Incidentally, as you may have surmised, the file format used for copying
out the file system contents is the standard Unix "tar" format. You
can use the Unix tar
program to examine them. The tar file
for test t is named t.tar
.
Before you begin this portion of the project, test your knowledge of the code by answering the Code Reading Questions. Being able to answer those questions before you begin coding will significantly help you.
To make your job easier, we suggest implementing the parts of this project in the following order:
You can implement extensible files and subdirectories in parallel if you temporarily make the number of entries in new directories fixed.
You should think about synchronization throughout.

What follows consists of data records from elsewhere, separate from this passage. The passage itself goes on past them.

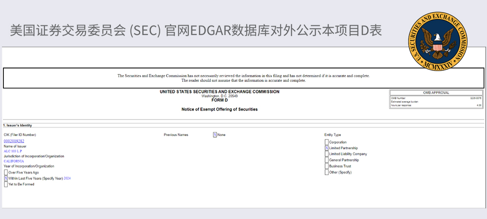 根據美國《1933年證券法》規定,作為免登記私募基金,本項目已成功完成D表注冊,實現100%證券發行合規。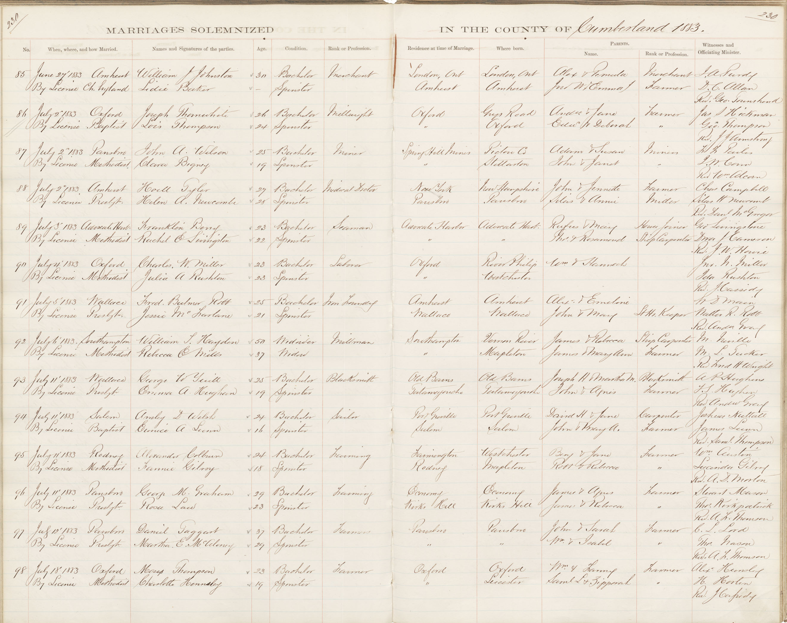 Registration: Year: 1883 book: 1809 page: 230 number: 85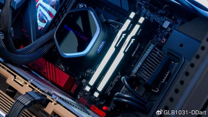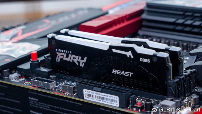 内存也是金士顿的Beast 超级野兽 RGB灯条,6000MHz CL36设计,容量为32GB(16GB x2)容量。外观还是金士顿的经典设计,配合黑色金属马甲的灯条。金属马甲上装饰了FURY与BEST装饰。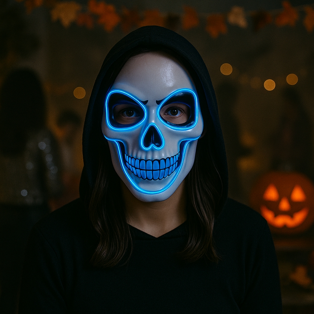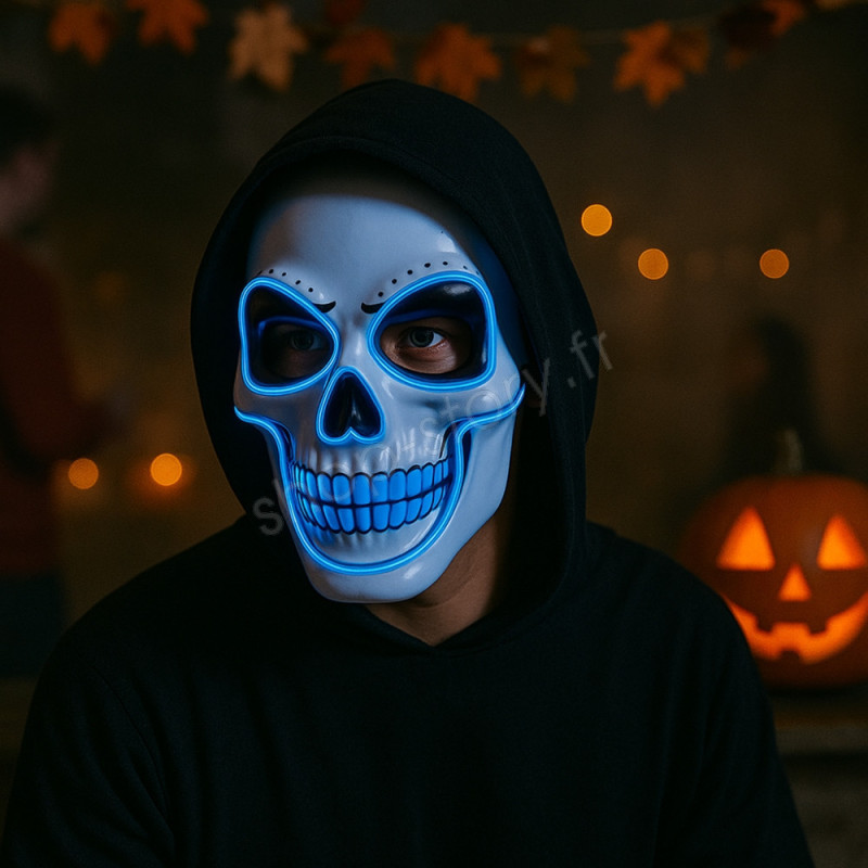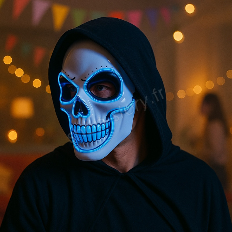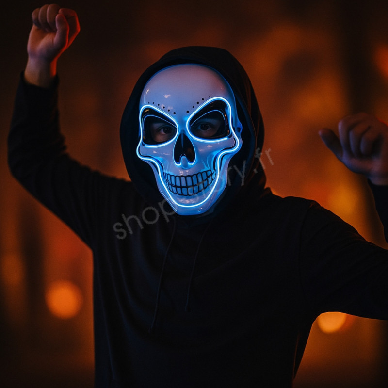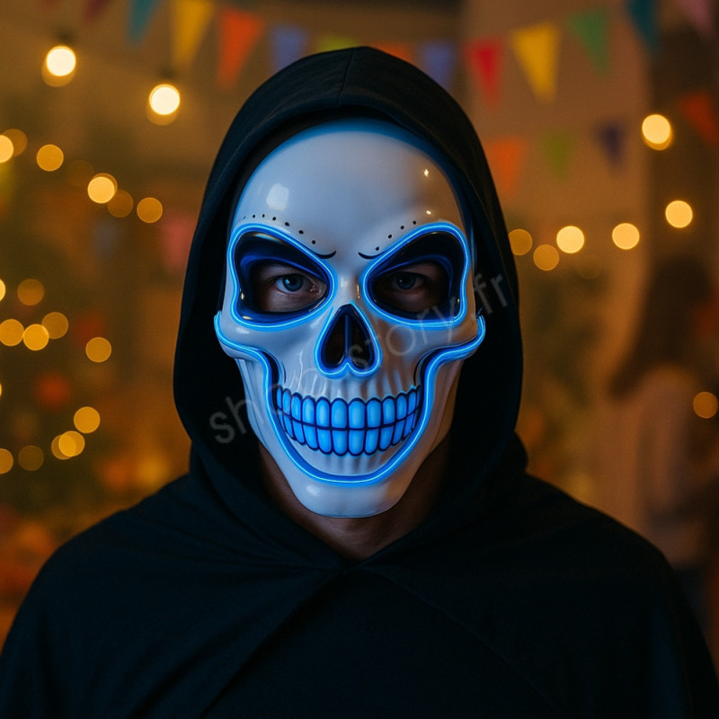 J’ai acheté ce masque pour une soirée Halloween et je n’ai pas été déçue ! Le fil lumineux bleu rend super bien dans le noir, tout le monde m’a complimentée sur mon déguisement. Il est léger, confortable et tient bien en place. Je recommande à 100 % pour un effet garanti !
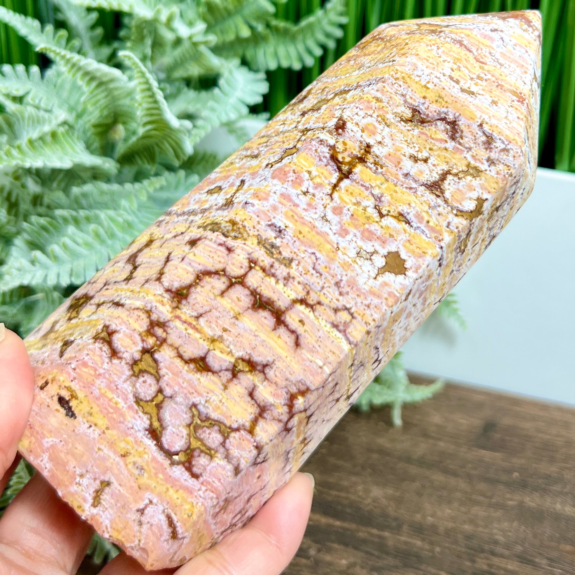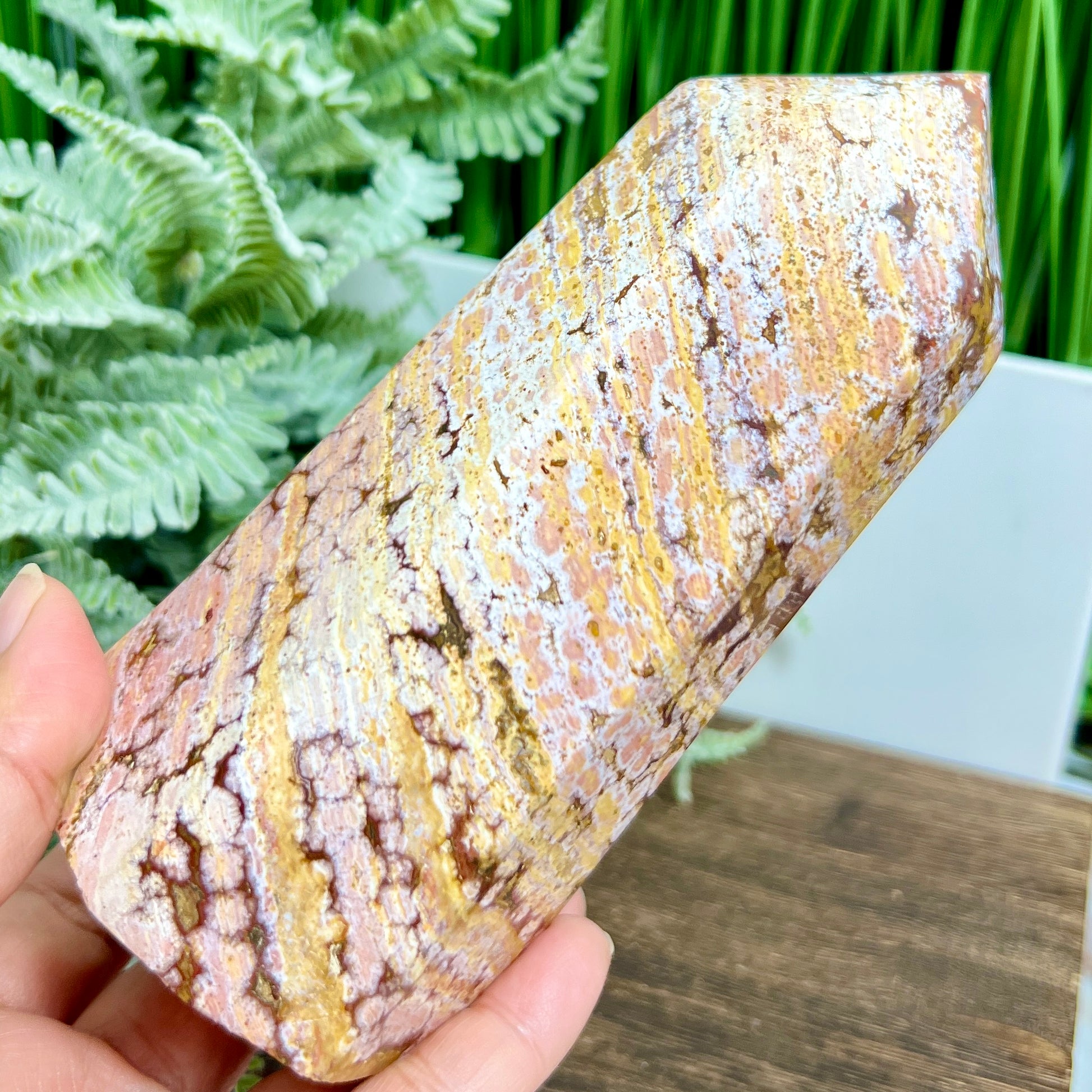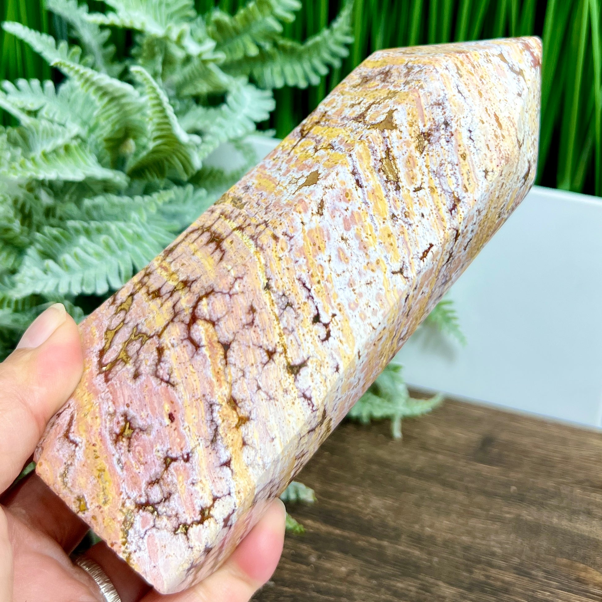 Ocean Sea Pink Orbicular Jasper Tower Healing Crystal Generator 864g 151mm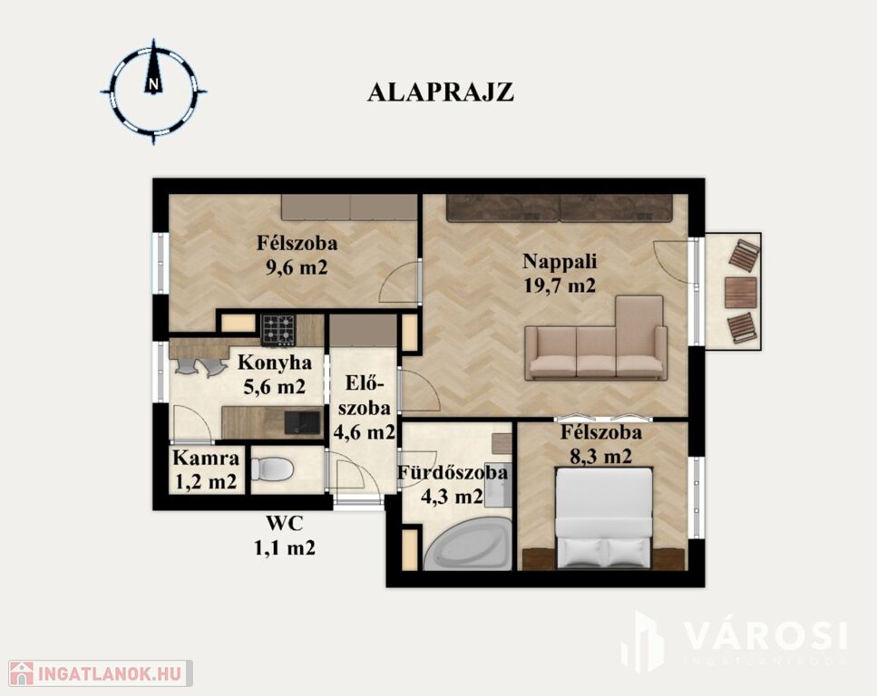 - Lakótér: 54 m²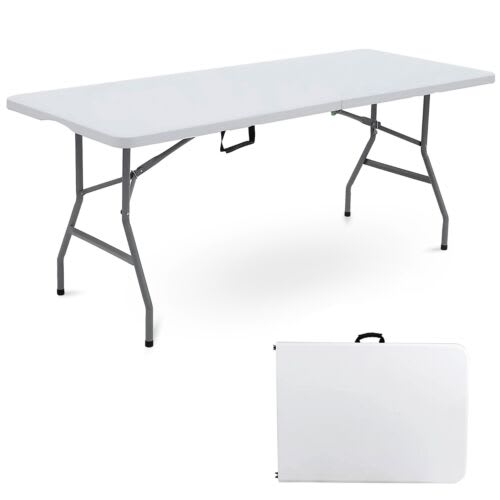 Heavy duty superior quality table is suitable for both indoor and outdoor use. Made from high-density blow moulded plastic with powder coated steel framework. The easy-to-maintain and durable smooth surface is very easy to keep clean. Along with various other uses these table and chairs are ideal for the garden, parties, bbq's, market stalls and trade shows. The tables are easy to set-up and fold-away when not in use. The table can be folded and locked and comes with a handle for easy transportation.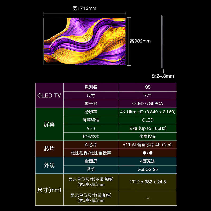 LG OLED77G5PCA 77英寸 165HZ高刷高清游戏电视机 lg77g5

In addition to submitting your source code, your group is
responsible for
answering the questions in the
project 4 design document template and submitting the completed file through
Canvas to the Project 4 Design and Documentation
assignment.
The purpose of the design document is to explain and defend your design to us. Its grade will reflect both your answers to the questions and the correctness and completeness of the implementation of your design. It is possible to receive partial credit for speculating on the design of portions you do not implement, but your grade will be reduced due to the lack of implementation.
We recommend that you read the design document template before you start working on the project. See section D. Project Documentation, for a sample design document that goes along with a fictitious project.
The basic file system allocates files as a single extent, making it vulnerable to external fragmentation, that is, it is possible that an n-block file cannot be allocated even though n blocks are free. Eliminate this problem by modifying the on-disk inode structure. In practice, this probably means using an index structure with direct, indirect, and doubly indirect blocks. You are welcome to choose a different scheme as long as you explain the rationale for it in your design documentation, and as long as it does not suffer from external fragmentation (as does the extent-based file system we provide).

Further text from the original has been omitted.